The 100 tons gross tonnage requirement does not apply when the disposal event causing the balancing charge is the total loss of the ship or damage which puts it in a condition where it is impossible, or not commercially worthwhile, to repair it. In such cases there is no weight restriction.

Example Pedro is a fisherman who has a fishing boat with a gross tonnage of 50 tons. The fishing boat sinks. It is a qualifying ship even though its gross tonnage is less than 100 tons because it has been totally lost. This means that if the insurance proceeds create a balancing charge it can be deferred. If, however, Pedro had sold the fishing boat it would not have been a qualifying ship and so any balancing charge arising from the sale could not be deferred.

A ship is not a qualifying ship if:

  • it is of a type primarily used for sport or recreation by the owner or people to whom it is made available, or
  • it is an offshore installation for the purposes of the Mineral Workings (Offshore Installations) Act 1971, or would be if the activity for which it is being used were being carried out in controlled waters; this covers things like oilrigs and gas installations.
  • it is not registered in a relevant register within three months of the start of the qualifying period by the shipowner or a person connected with the shipowner.


The qualifying period is:

  • the period of 3 years that begins when the ship was first brought into use for the purposes of a qualifying activity of the shipowner or, without having been brought into use by the shipowner, for the purposes of a qualifying activity of a person connected with the shipowner, or
  • if shorter, the period beginning then and ending when the ship ceases to belong to the shipowner or any person connected with the shipowner.

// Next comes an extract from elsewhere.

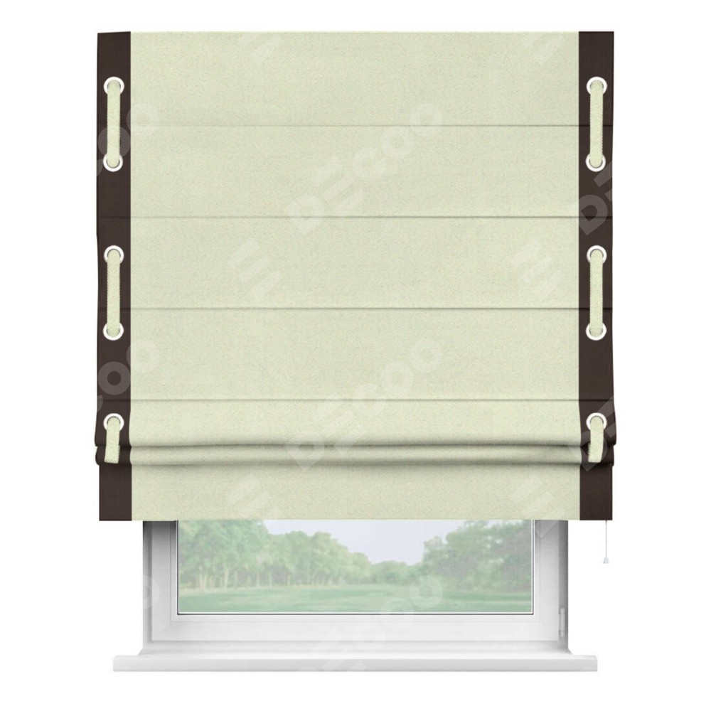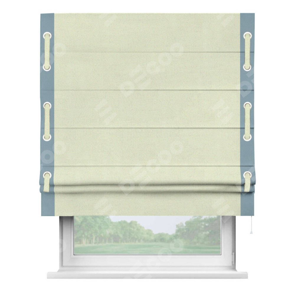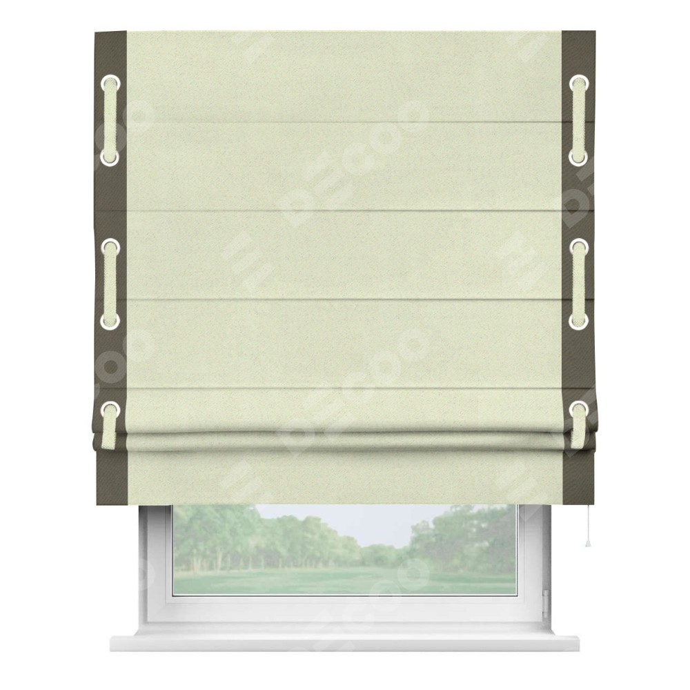 Римская штора производителя «Cortin», используется для проёма, пошита из ткани блэкаут однотонный сливочный, артикул ткани 6668−02. Отделка шторы кантом «Стрим Дуо» на кантах расположены люверсы с пояском, ткань для канта используется из блэкаута однотонного разной расцветки на выбор. Ткань для пояска обычно используется из основной ткани шторы, а так же можно сделать из любой расцветки по желанию. Имеет универсальный механизм и подходит для монтажа: на потолок, на стену и в нишу.
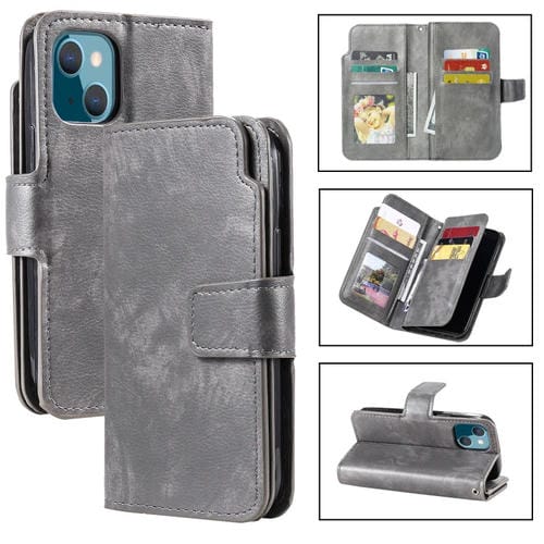 Funda para Teléfono iPhone 15 Cuero con Billetera Triple Plegable para 9 Tarjetas (Gris)

This means that the qualifying period can never last for more than three years.

Example Jesse and Frank are brothers. Jesse buys a ship on 1 September 2006. Jesse does not bring the ship into use and transfers it to Frank on 1 December 2006. If Frank brings the ship into use on 1 July 2007 the qualifying period begins on 1 July 2007. It ends on 1 July 2010 provided that Frank still owns the ship on that date. If Frank sells the ship before, then the qualifying period ends when Frank sells the ship.

A relevant register is any register of shipping established and maintained:

  • under the law of any part of the British Islands (the United Kingdom, the Channel Islands and the Isle of Man), or
  • under the laws of any country or territory which during the qualifying period is an EEA State or a colony.


The countries that are colonies are Anguilla, Bermuda, British Virgin Islands, Cayman Islands, Falkland Islands, Gibraltar, Montserrat, St Helena, Turks & Caicos Islands.